Life is chaotic and overwhelming. Her father is demanding and she doesn’t get on well with her daughter. She tries to keep her daughter’s sexuality and girlfriend from her father’s attention, much to Joy’s annoyance. To add to the chaos, the business is in the middle of a big IRS audit which takes up a lot of time. One afternoon, during a contentious meeting with IRS agent Deirdre Beaubeirdre (a super-funny Jamie Lee Curtis), Evelyn assaults Deirdre and the cops are called. Evelyn is at her wit’s end when Waymond offers her an escape route via a parallel universe, the Alphaverse. This is where the film turns a corner and we enter worlds combining funny surreal chaos, science fiction, tons of drama, anarchy and fantasy.

The Alphaverse, via verse-jumping technology, lets people use the skills, memories and bodies of their parallel universe selves. To do this they need to perform increasingly bizarre actions. These hilariously include random events such as sitting on IRS agent Deirdre’s collection of awards fashioned from butt plugs. The multi-verse is now threatened by Jobu Tupaki, the Alphaverse version of Joy, whose mind was splintered after Alpha-Evelyn pushed her to extensively verse-jump. Jobu now experiences all universes at once and can verse-jump and manipulate matter at will; she has created a black-hole-like “everything bagel” that threatens the multiverse.

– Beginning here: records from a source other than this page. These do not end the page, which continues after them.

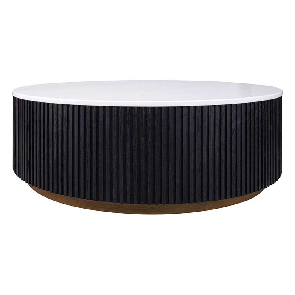 Elevate your living space with the Mason Round Coffee Table, a refined blend of modern design and timeless materials. Featuring a luxurious Sivec marble top with natural veining, it rests on a fluted oak wood base in a black finish, grounded by a subtle metal brushed antique gold plinth. Available in two sizes—large and medium—this table brings elegant contrast and texture to any setting, offering the perfect balance of durability, functionality, and sophisticated style.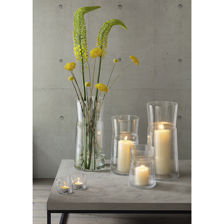 Ваза Gio Line гармонично дополнит современный интерьер гостиной или спальни. Емкость из прозрачного стекла идеально подходит для создания композиций из живых, искусственных цветов, высушенных трав и веток. Также аксессуар можно использовать в качестве оригинального подсвечника. В комплект входит свеча.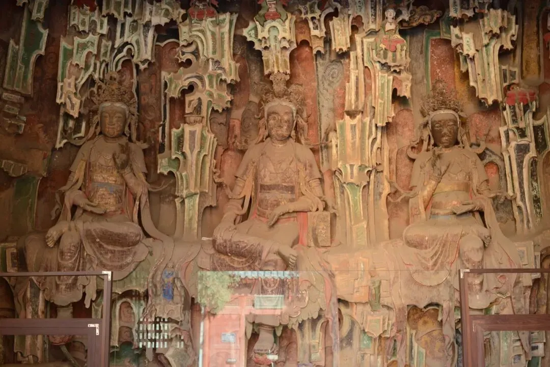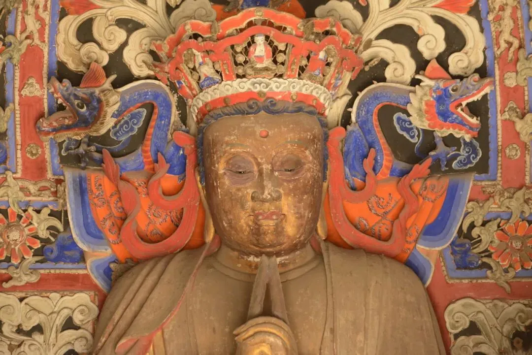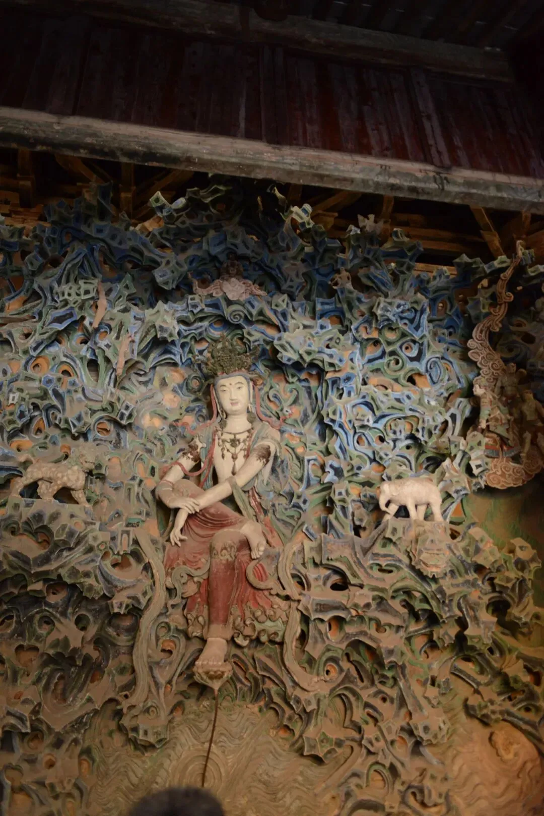 佛龛背面须弥山,亭台楼阁、小桥流水、罗汉护法等悬塑,中间三大士像为明代原塑,正中观世音,左文殊右普贤。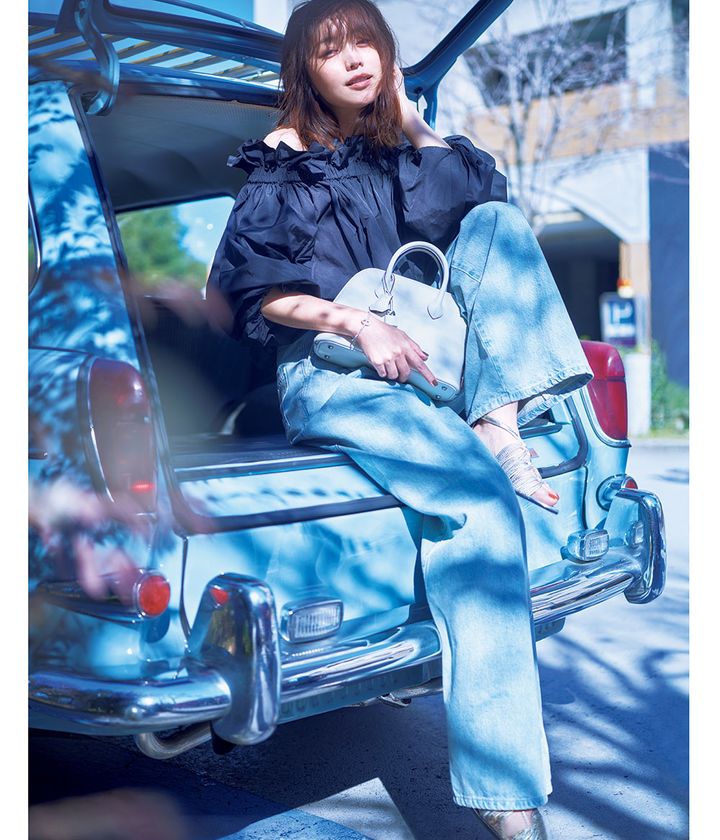 「真っ白な〝ボリード〟なんて最高の贅沢!華やいだシーンではもちろん、ラフなスタイルも格上げしてくれるから長い長いお付き合いに。大事にメンテナンスしながら娘に受け継ぎたい」(モデル・蛯原さん)

Evelyn soon realises that she has many other versions of herself in the multiverse and needs to connect with them to stop Jobu Tupaki from destroying the multiverse. Other versions of her husband, now Alpha Waymond, and her father, now Alpha Gong Gong, help her along the way. The ensuing chaos takes us into many different universes including one where all humans have hot dogs for fingers! Other universes include Kung-Fu verse, Raccacoonie verse, a hilarious reference to the Pixar-animated film Ratatouille, and a basic, completely undeveloped verse where the characters are talking rocks.

This is an amazing, quite unique film that must have been so much fun to produce. It’s a completely frenzied assault on the senses, and after 140 minutes of viewing, the maximalism is likely to leave you slightly exhausted. It could do with being slightly shorter but I understand that it must have been impossible to decide which of the amazing scenes to cut. Despite the chaos, the underlying themes of existentialism, ADHD, generational trauma and Asian-American identity are easily relatable. Michelle Yeoh and Jamie Lee Curtis are both excellent, as is Stephanie Hsu. Brilliantly co-produced by brothers Antony and Joe Russo whose sensory-overload work is complemented by an excellent score by Son Lux. There is so much detail in this film, you should probably watch it twice. Lots of fun.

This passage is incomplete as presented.